New York, May 28, 2026, 18:05 (EDT)
- Binah Capital finished the session at $1.62, off 5 cents. Fewer than 40,000 shares changed hands.
- Binah Capital first-quarter advisory and brokerage assets of $29.0 billion, a 12.9% gain over the same period last year.
- Nasdaq’s regular session was over. After-hours trading, which lasts to 8 p.m. Eastern, tends to be less liquid.
Binah Capital Group Inc. shares slipped late Thursday, last seen at $1.62, down 5 cents. Investors had little new from the wealth-management firm, and trading stayed light. The stock opened at $1.63 and moved between $1.57 and $1.67.
This shift hits after the regular Nasdaq closed in New York, with the stock sliding into after-hours trading — that’s trading beyond the usual 9:30 a.m. to 4 p.m. window. Nasdaq flags after-hours trading as more volatile and less liquid, where price swings can be sharper because there may be fewer buyers and sellers.
Binah’s investor-relations site hasn’t posted an update since the first-quarter results on May 15. So investors are mostly watching the stock, looking at recent filings and trading trends among broker-dealer and wealth-management names.
Binah said its total advisory and brokerage assets hit $29.0 billion at the end of March, compared with $25.7 billion last year. Assets under management measures the client assets a firm handles, making it a main metric for wealth-management firms.
Revenue slipped in the quarter. The company reported $48.7 million in total revenue for the three months ended March 31, down 0.5% from $48.9 million last year. Net income went up to $1.9 million from $1.0 million.
Chief Executive Craig Gould described the quarter as “strong operational results,” citing momentum for “higher GAAP profitability and EBITDA.” GAAP refers to U.S. accounting standards, while EBITDA is earnings before interest, taxes, depreciation and amortization, used to adjust for certain costs. Binah Capital
The company posted adjusted EBITDA of $3.7 million, better than $2.2 million last year. Adjusted EBITDA is a non-GAAP figure and isn’t calculated under standard rules. Investors should look at it with net income, not as a replacement.

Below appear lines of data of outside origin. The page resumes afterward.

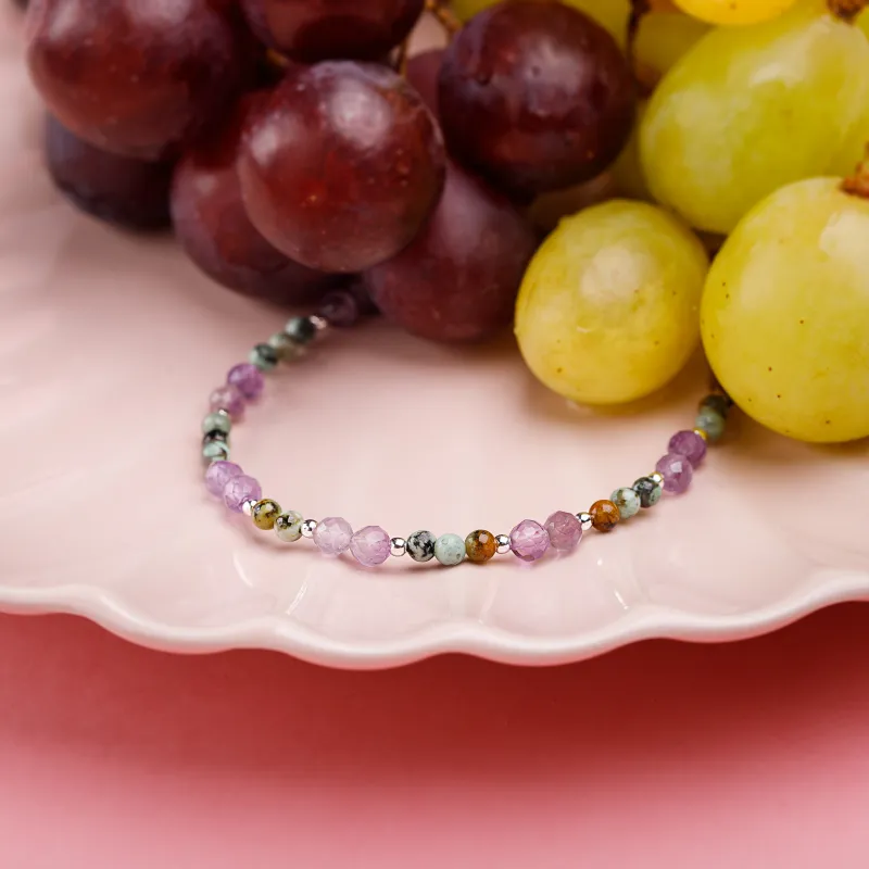 Ametyst, kamień o fioletowym kolorze, symbolizuje spokój ducha, równowagę emocjonalną i intuicję. Wzmacnia koncentrację i pomaga w medytacji. Noś tę bransoletkę, aby wzmocnić swój wewnętrzny spokój i odnaleźć harmonię w życiu.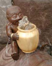 花祭りの童子からは、噴水のように水が出るようになっています。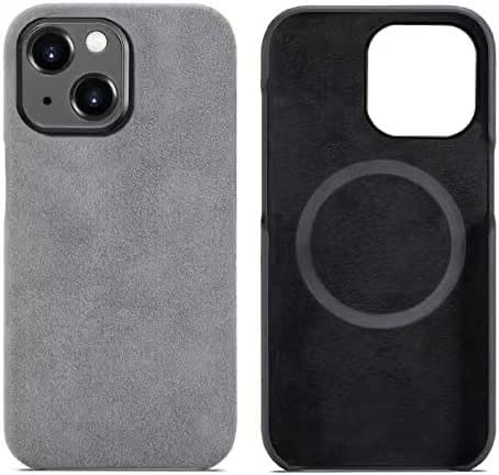 TYXDKJ Alcantara Case for iPhone 14, Handmade Half-Wrapped Synthetic Suede Cover, Compatible with Magsafe Wireless Charging (Gray)

Binah’s market cap is just $27.4 million, much less than advisory and brokerage names like LPL Financial, Raymond James Financial, and Stifel Financial. Those three were also trading down on Thursday, but each is valued in the billions. Binah is far smaller by comparison.

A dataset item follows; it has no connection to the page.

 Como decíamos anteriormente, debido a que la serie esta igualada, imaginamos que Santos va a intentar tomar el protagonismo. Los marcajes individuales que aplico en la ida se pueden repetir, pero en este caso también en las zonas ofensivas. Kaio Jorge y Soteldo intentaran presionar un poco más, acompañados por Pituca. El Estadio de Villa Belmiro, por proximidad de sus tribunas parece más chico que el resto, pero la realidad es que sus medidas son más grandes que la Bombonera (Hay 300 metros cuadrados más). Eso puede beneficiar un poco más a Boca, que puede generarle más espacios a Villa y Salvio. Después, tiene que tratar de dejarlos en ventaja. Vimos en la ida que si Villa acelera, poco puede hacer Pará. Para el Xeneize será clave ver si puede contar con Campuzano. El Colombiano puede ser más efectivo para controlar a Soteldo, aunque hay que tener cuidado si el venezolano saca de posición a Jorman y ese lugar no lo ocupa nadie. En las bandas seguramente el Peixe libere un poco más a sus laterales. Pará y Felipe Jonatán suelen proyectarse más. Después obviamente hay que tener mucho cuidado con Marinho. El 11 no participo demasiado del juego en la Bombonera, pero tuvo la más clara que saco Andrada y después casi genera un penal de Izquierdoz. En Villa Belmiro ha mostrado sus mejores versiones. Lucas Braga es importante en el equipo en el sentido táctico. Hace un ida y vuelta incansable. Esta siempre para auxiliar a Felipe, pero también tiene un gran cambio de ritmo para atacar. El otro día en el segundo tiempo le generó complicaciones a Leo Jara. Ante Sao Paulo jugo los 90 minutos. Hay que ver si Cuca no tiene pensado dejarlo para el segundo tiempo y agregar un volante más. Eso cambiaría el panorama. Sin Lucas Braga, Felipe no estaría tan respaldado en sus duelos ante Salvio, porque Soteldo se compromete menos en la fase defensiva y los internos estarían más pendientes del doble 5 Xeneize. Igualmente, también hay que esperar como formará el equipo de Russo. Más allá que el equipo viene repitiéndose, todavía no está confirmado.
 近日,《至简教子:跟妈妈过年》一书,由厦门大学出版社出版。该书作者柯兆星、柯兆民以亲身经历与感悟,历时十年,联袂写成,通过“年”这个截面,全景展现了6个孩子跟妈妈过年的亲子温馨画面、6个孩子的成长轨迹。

The gap is important. Binah is a small-cap with thin volume—last quoted at 39,659 shares—and can swing on smaller trades. Its price-to-earnings ratio was about 18, comparing share price to profit per share.

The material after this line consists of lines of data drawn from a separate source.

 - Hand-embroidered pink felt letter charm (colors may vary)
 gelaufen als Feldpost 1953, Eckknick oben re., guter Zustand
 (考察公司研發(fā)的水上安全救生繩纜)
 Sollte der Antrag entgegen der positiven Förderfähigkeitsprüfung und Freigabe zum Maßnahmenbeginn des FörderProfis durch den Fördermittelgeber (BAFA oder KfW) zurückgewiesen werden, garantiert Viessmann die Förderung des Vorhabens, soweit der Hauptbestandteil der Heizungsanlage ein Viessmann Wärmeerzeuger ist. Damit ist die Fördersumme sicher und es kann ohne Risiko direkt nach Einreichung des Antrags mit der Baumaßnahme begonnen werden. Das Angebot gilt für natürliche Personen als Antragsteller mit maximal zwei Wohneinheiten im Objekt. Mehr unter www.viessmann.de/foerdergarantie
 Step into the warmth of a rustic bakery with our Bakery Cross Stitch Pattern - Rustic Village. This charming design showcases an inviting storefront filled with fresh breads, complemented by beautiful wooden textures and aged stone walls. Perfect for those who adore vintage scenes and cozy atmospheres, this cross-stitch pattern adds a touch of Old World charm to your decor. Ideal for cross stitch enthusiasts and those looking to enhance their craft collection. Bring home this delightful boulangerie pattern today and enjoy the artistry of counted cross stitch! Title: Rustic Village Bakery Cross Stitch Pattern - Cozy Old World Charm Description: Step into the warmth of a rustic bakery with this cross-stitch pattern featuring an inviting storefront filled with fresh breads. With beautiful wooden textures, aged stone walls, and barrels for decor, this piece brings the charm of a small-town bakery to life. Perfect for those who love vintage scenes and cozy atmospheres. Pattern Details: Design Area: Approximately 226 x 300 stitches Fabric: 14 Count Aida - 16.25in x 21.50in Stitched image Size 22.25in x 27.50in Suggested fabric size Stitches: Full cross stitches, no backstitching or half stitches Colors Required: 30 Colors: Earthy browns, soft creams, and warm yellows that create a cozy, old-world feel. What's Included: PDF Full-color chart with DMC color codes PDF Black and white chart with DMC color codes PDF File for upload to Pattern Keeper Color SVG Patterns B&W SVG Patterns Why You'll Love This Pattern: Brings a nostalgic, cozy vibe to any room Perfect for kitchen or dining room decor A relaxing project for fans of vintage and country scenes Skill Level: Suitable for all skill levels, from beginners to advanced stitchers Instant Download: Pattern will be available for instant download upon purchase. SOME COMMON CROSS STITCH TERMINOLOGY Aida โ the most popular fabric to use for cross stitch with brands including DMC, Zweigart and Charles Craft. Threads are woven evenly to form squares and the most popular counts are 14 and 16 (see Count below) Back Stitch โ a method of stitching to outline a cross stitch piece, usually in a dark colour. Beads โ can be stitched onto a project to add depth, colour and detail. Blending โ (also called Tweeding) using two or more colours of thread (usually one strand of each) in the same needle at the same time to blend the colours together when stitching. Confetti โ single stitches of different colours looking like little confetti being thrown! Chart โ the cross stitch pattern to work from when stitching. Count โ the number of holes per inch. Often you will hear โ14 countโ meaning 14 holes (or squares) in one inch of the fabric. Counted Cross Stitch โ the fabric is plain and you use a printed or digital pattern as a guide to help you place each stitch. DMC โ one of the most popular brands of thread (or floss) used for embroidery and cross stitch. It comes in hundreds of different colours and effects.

Higher advisory and brokerage assets don’t guarantee quicker revenue growth, especially if trading activity drops, adviser flows weaken or markets shift. Binah has also flagged risks around regulatory compliance, potential adviser misconduct, how investment products perform, capital requirements and changes in the overall economy.
Focus for the next session is on whether buyers step in around Thursday’s low, or if weak volume leaves the stock open to another move. Trading has been quiet, with little activity showing up on the tape.